May an attorney help a self-represented party write court papers or prepare a case for trial?
People that cannot afford to retain an attorney, or don’t wish to pay substantial attorneys’ fees, sometimes ask lawyers whether they can help with drafting court papers or with preparing a court argument, for the un-represented party to then present himself or herself in court. While the person making the inquiry may not realize it, this presents a number of ethical concerns for the attorney, and for the legal system. The so-called “ghost writing” of court papers by attorneys on behalf of pro se litigants has received increasing attention in recent years, and some observers see it as a partial solution to the high cost of legal services. The Journal of the American Bar Association published an article this month suggesting that some jurisdictions are become more accepting of the practice. The fact remains, however, that most jurisdictions in the United States take a dim view of attorneys ghost writing court papers for non-lawyer litigants.

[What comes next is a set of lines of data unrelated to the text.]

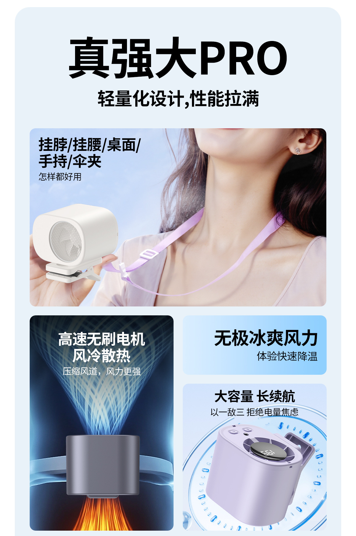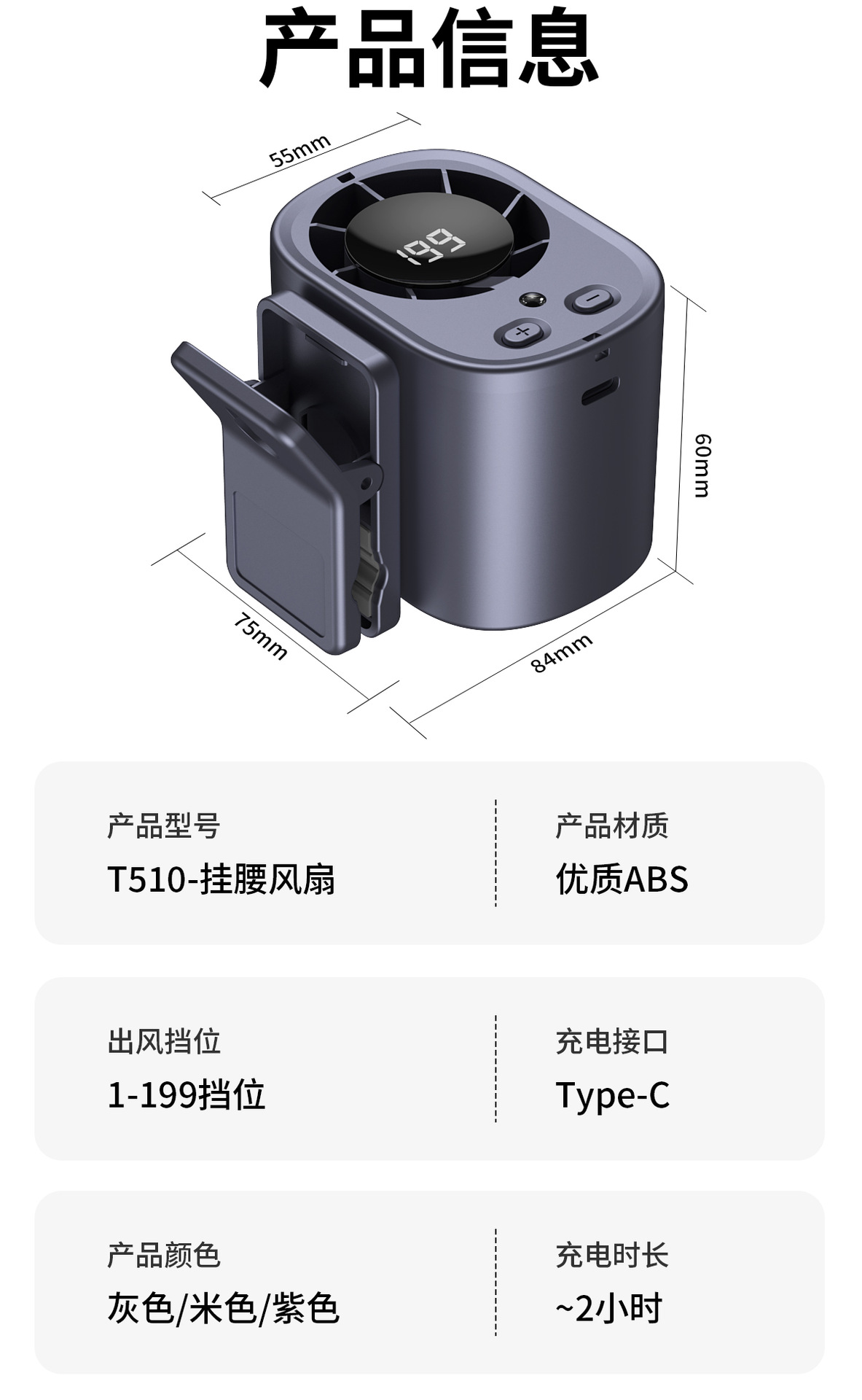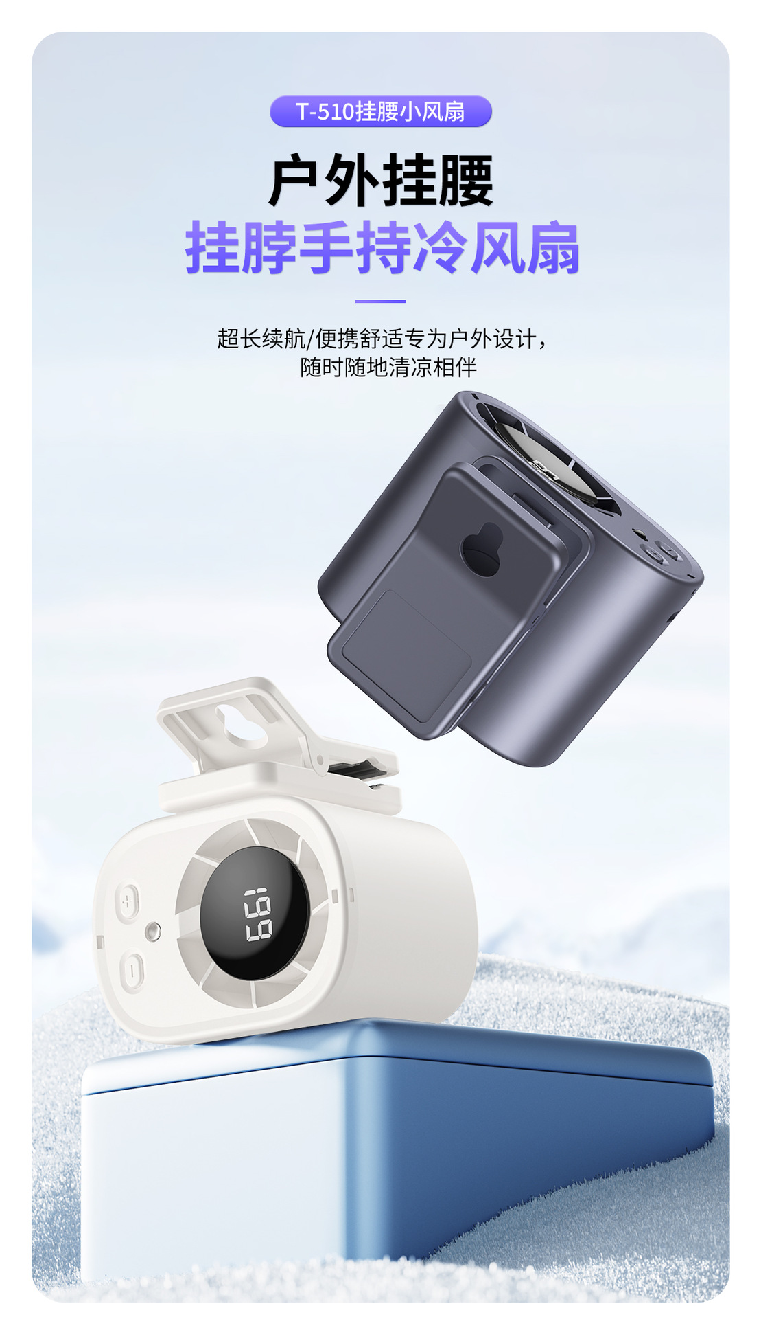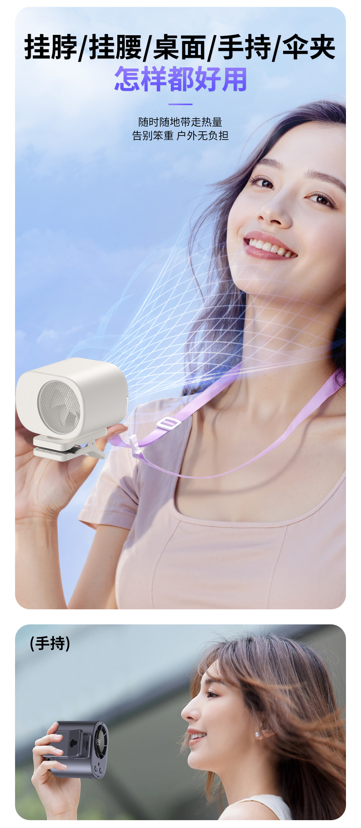 新款掛腰風扇工地戶外隨身夾腰可攜式風扇消暑降溫usb迷你高速風扇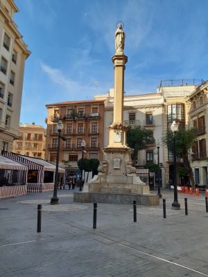 La Plaza de las Flores est une place piétonne centrale à Murcia avec plusieurs bars, restaurants et terrasses extérieures disposés autour d'une fontaine en bronze appelée La Niña de las Flores. La place relie les espaces adjacents et offre un accès direct au Marché Verónicas.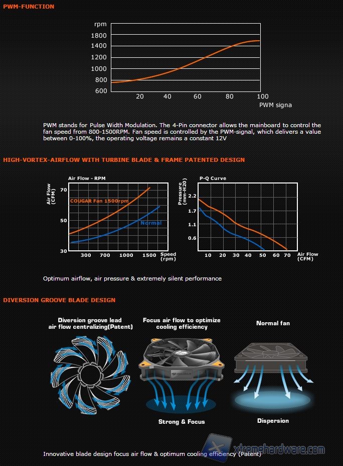 Il flusso d’aria nel caso della Cougar è decisamente elevato se rapportato al rumore, che risulta essere contenuto, senza eccessivi picchi di frequenza. Le performance sono quindi elevate ed il target è l’utente che vuole ridurre le temperature ma senza avere ventole eccessivamente rumorose, quindi l’utilizzo con radiatori è perfetto.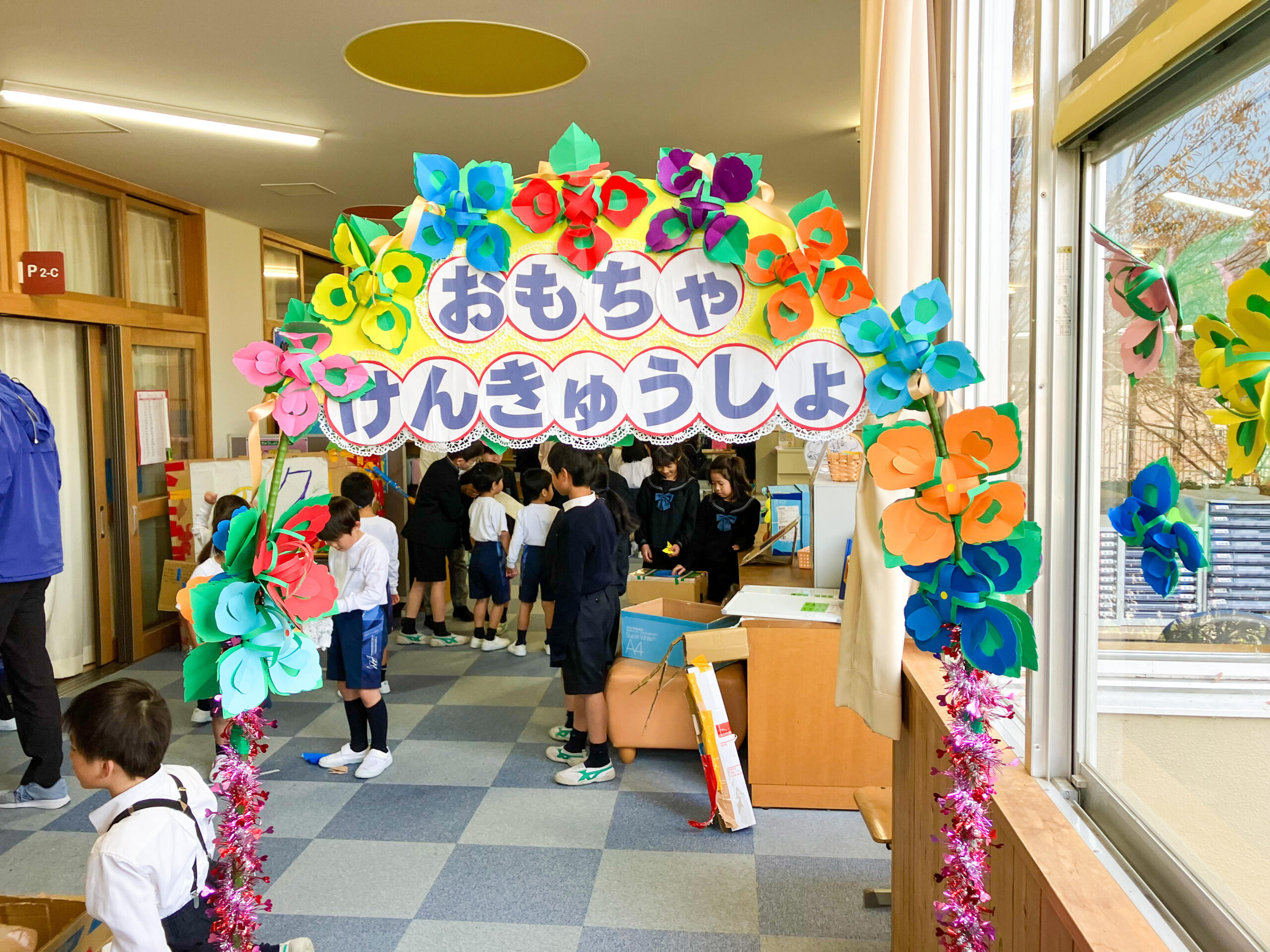 今回は「おもちゃけんきゅうしょ」に招待してもらい、園児が自由に遊びを楽しむという内容でした。

The state bar for each state creates ethical rules that bind attorneys practicing in that state, and these ethical rules vary on issues of ghost writing and the “unbundling” of legal services. Different court systems also may have their own rules regarding the practice. The Federal court system, for example, has a well-established hostility to ghost writing by attorneys. In Federal court practice, anonymous drafting of pleadings by attorneys for pro se litigants, without the attorney signing the pleadings, can result in suspension or disbarment from practice before the court. Almost ten years ago, the American Bar Association published a formal ethics opinion approving the practice, however. This ABA opinion is not binding on state bar associations, though, and the state authorities that actually regulate the profession generally have been far less open to the practice.

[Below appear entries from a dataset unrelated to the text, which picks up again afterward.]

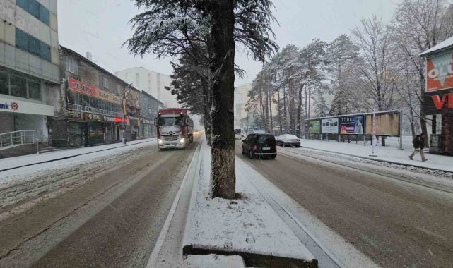 Bitlis'in Tatvan ilçesinde gece saatlerinde etkili olmaya başlayan kar yağışı ilçeyi beyaza bürüdü.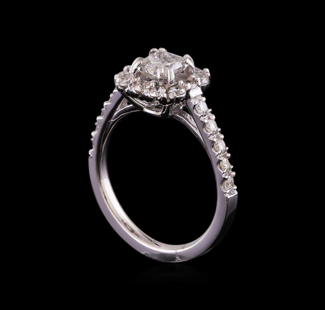 One electronically tested 14KT white gold lady's cast wedding ring with a cathedral halo with a bright polish finish. The featured lady's ring has a shank measuring 2.07 millimeters wide. Identified with markings of "14K". Condition is new, good workmanship. Containing: One prong set princess cut diamond, measuring 4.98 x 4.96 x 3.72mm (depth est.) approximate weight of 0.75ct. Graded in the setting. Clarity: I-2. Color: G - Good Twelve prong set round brilliant cut diamonds, measuring 2.10 - 2.00 x 1.27mm (depth est.) approximate total weight of 12 Stones = 0.40ct. Graded in the setting. Clarity: VS-2 to SI-1. Color: I - Good Ten prong set round brilliant cut diamonds, measuring 2.00 - 1.90 x 1.21mm (depth est.) approximate total weight of 10 Stones = 0.28ct. Graded in the setting. Clarity: SI-1 to SI-2. Color: I - Good. Total Weight of Diamonds 1.43ct. Total Weight of Ring 4.00gm. GAS Appraised at $4,885.00.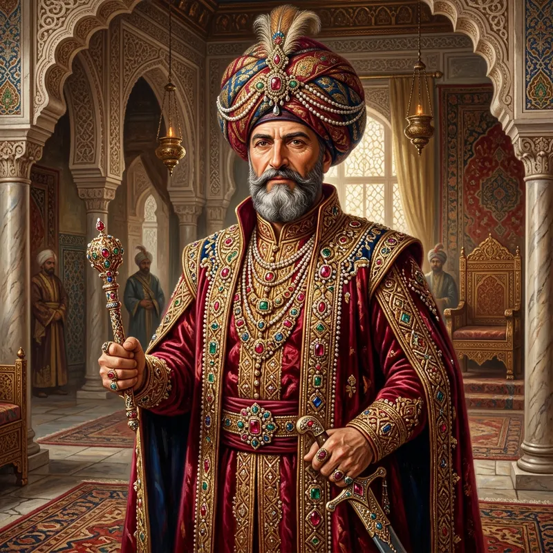 A historical figure dressed in traditional royal attire from the 15th century. He is adorned with a lavishly decorated turban and a bejeweled robe. His facial expressions portray wisdom and valor. The background is an elaborate palace interior. Please note, this should not be a depiction of a specific historical figure, but rather a generalized interpretation.

The term “ghost writing” refers to an attorney representing a pro se litigant, informally or otherwise, and preparing pleadings, motions, or briefs for the litigant that the assisting lawyer does not sign. The Federal courts have expressed great concern about this practice, because the attorney seeks to remain anonymous and therefore potentially outside the professional, ethical, and substantive obligations that are imposed on members of the bar when they sign a court pleading. Courts can view this as a deliberate evasion of the attorney’s ethical obligation to the court. When an attorney signs a court submission, he or she is thereby representing to the court that there are grounds to support the assertions made in the submitted paper. The practice of ghost writing frustrates this obligation by keeping the identity of the attorney who drafted the paper anonymous. In addition, courts often give liberal interpretation to papers filed by self-represented parties, and allowing pro se litigant to benefit from this latitude while actually receiving counsel from an attorney is a disadvantage to an opposing party that may not have the benefit of a ghost writing. Some courts have also viewed ghost writing as a misrepresentation by the attorney, which violates an attorney’s professional responsibility to be candid with the court.
Several years ago, Maryland court rules were amended to expressly permit attorneys and clients to contractually agree to a “limited appearance” by the attorney. In a limited appearance, the attorney agrees to appear in a court proceeding for the client only for a limited, well-defined aspect of the case. For example, a client could retain an attorney to represent the client only in the child support aspect of a family law action, but not in the property aspects of the divorce proceeding. The limited appearance must be for a discrete matter or judicial proceeding, and the notice of appearance filed with the court must be accompanied by an Acknowledgment of Scope of Limited Representation signed by the client, specifying the scope of the limited appearance. This rule does not condone ghost writing by attorneys in Maryland state courts, but it has moved the Maryland bar some distance down the road toward acceptance of unbundled legal services.